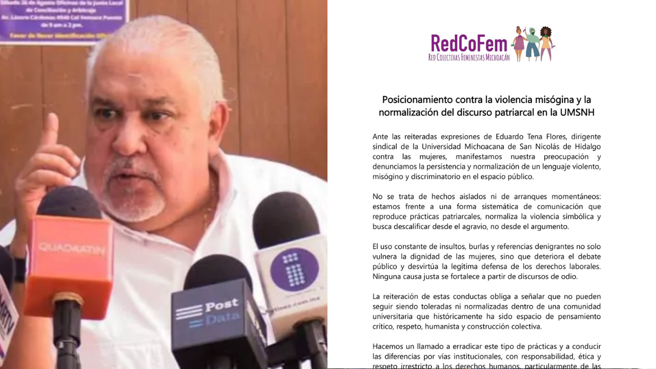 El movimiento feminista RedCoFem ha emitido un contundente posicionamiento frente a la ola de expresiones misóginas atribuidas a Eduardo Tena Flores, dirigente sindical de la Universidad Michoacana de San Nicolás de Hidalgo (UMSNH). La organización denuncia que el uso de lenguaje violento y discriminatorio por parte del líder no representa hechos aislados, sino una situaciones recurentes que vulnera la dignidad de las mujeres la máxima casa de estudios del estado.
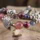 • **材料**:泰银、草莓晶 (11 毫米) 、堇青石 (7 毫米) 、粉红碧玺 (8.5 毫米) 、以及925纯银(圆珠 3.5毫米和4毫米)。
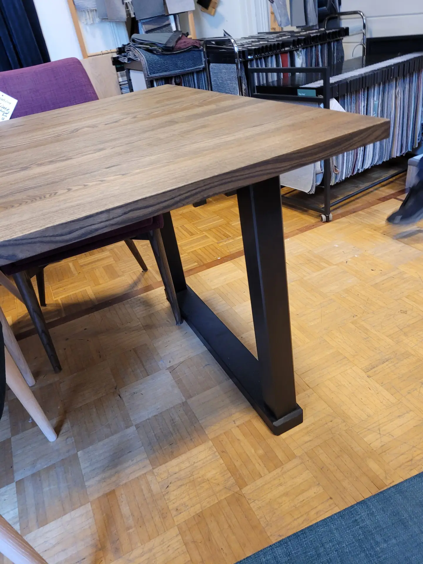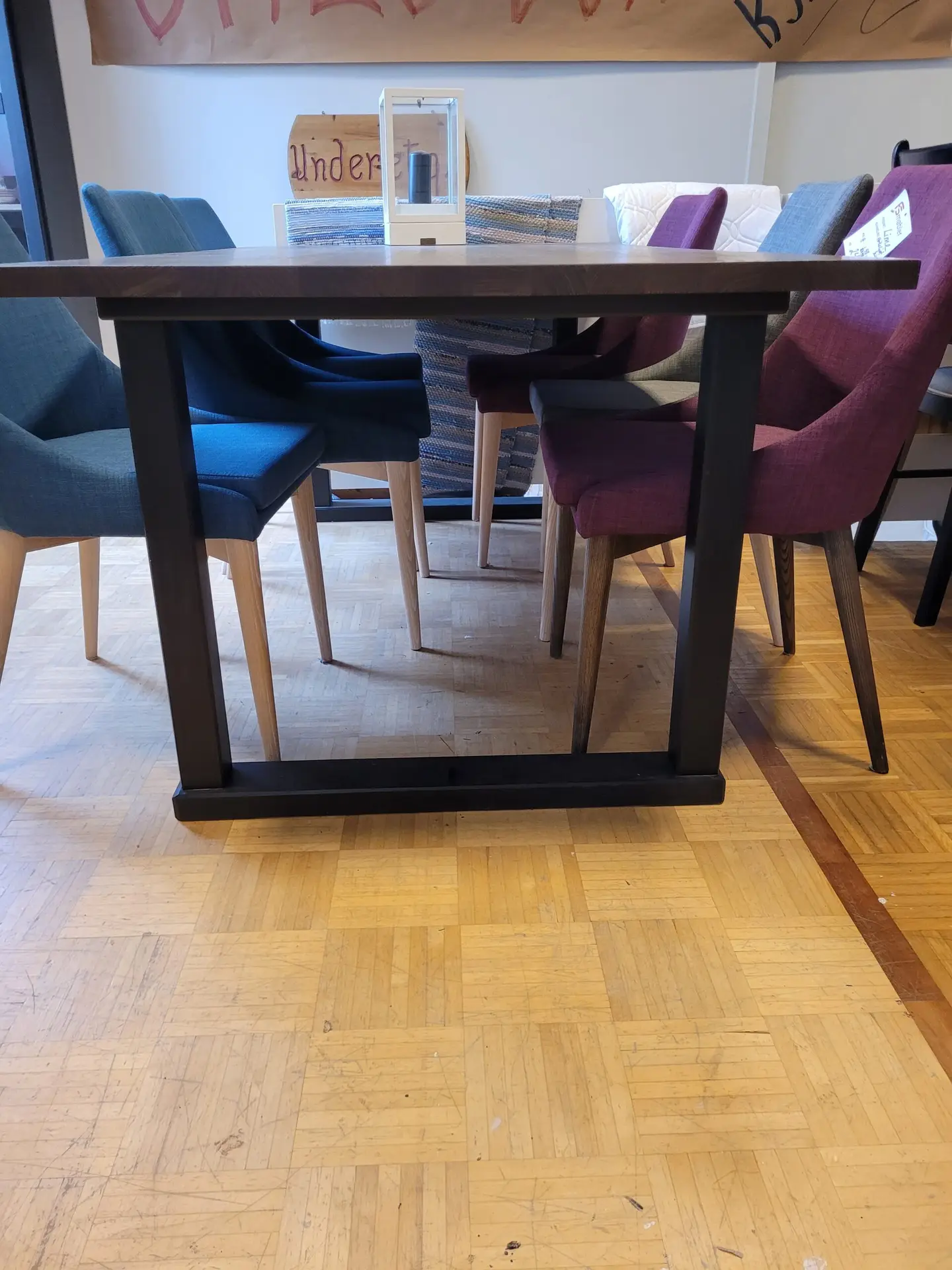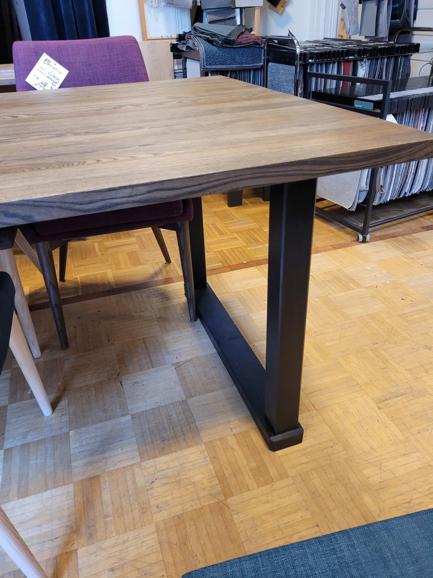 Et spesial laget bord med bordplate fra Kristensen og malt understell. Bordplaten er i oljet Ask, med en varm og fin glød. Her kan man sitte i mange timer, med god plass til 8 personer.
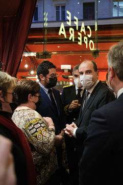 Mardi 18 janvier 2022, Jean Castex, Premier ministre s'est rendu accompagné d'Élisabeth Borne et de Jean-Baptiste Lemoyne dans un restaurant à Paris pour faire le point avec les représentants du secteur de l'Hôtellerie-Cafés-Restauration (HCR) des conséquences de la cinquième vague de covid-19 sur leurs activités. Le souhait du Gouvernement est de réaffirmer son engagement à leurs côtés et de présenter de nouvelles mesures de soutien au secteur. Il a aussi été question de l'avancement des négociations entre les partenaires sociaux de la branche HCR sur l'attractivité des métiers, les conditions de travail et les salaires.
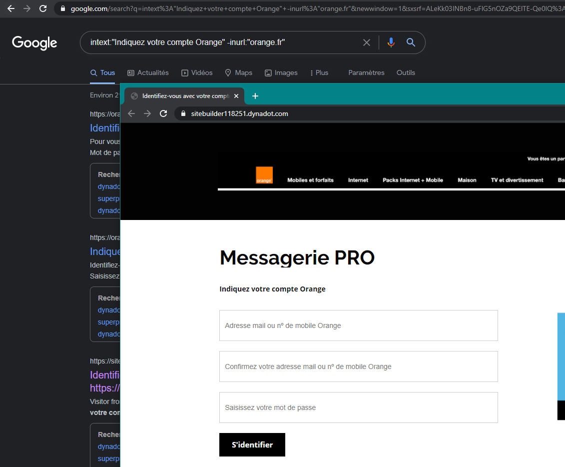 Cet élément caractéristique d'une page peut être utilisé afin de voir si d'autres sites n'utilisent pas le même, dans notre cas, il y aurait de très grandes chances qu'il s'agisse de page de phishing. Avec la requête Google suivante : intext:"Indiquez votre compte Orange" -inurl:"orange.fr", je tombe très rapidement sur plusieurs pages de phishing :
________________________________________
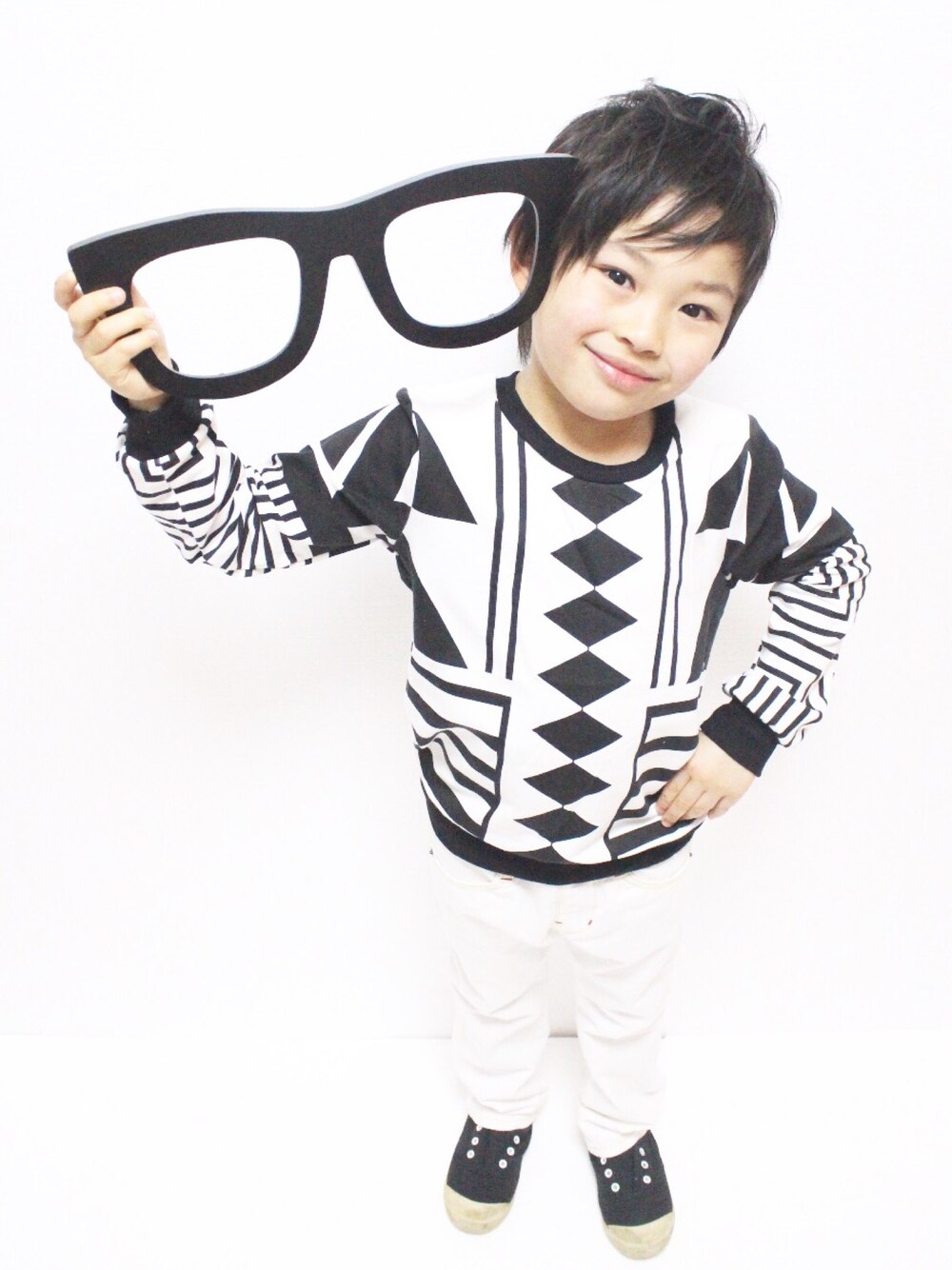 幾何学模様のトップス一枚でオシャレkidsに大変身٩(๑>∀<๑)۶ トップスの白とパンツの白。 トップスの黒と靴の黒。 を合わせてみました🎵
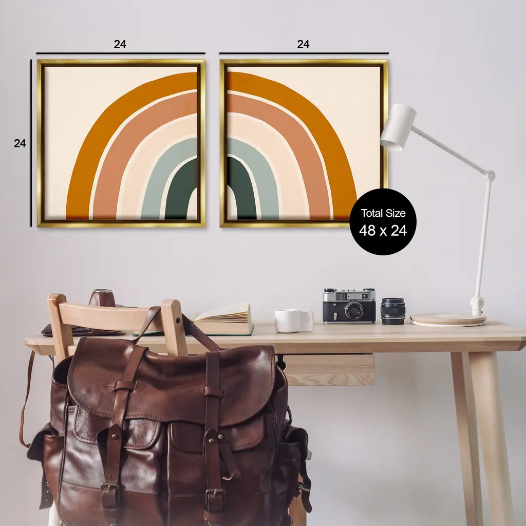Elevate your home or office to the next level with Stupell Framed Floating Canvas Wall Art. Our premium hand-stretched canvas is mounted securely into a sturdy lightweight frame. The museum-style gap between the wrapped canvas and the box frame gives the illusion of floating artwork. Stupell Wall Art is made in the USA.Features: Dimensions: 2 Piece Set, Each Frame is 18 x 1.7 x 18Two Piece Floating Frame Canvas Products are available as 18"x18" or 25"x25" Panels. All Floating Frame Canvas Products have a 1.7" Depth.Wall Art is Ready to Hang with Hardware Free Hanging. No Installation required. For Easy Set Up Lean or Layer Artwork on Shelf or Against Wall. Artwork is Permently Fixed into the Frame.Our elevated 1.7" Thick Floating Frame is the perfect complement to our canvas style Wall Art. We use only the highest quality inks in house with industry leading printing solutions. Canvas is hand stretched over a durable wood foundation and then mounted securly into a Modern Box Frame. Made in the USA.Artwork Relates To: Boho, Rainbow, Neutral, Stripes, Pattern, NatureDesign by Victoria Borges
________________________________________
Task to complete — In the records above, find the line with "毫米) 、以及925纯银(圆珠 3.5毫米和4毫米)。". Print exactly from there through the line with "Mardi 18 janvier", minus the pictures.

Solution to this problem —
 • **材料**:泰银、草莓晶 (11 毫米) 、堇青石 (7 毫米) 、粉红碧玺 (8.5 毫米) 、以及925纯银(圆珠 3.5毫米和4毫米)。
 Et spesial laget bord med bordplate fra Kristensen og malt understell. Bordplaten er i oljet Ask, med en varm og fin glød. Her kan man sitte i mange timer, med god plass til 8 personer.
 Mardi 18 janvier 2022, Jean Castex, Premier ministre s'est rendu accompagné d'Élisabeth Borne et de Jean-Baptiste Lemoyne dans un restaurant à Paris pour faire le point avec les représentants du secteur de l'Hôtellerie-Cafés-Restauration (HCR) des conséquences de la cinquième vague de covid-19 sur leurs activités. Le souhait du Gouvernement est de réaffirmer son engagement à leurs côtés et de présenter de nouvelles mesures de soutien au secteur. Il a aussi été question de l'avancement des négociations entre les partenaires sociaux de la branche HCR sur l'attractivité des métiers, les conditions de travail et les salaires.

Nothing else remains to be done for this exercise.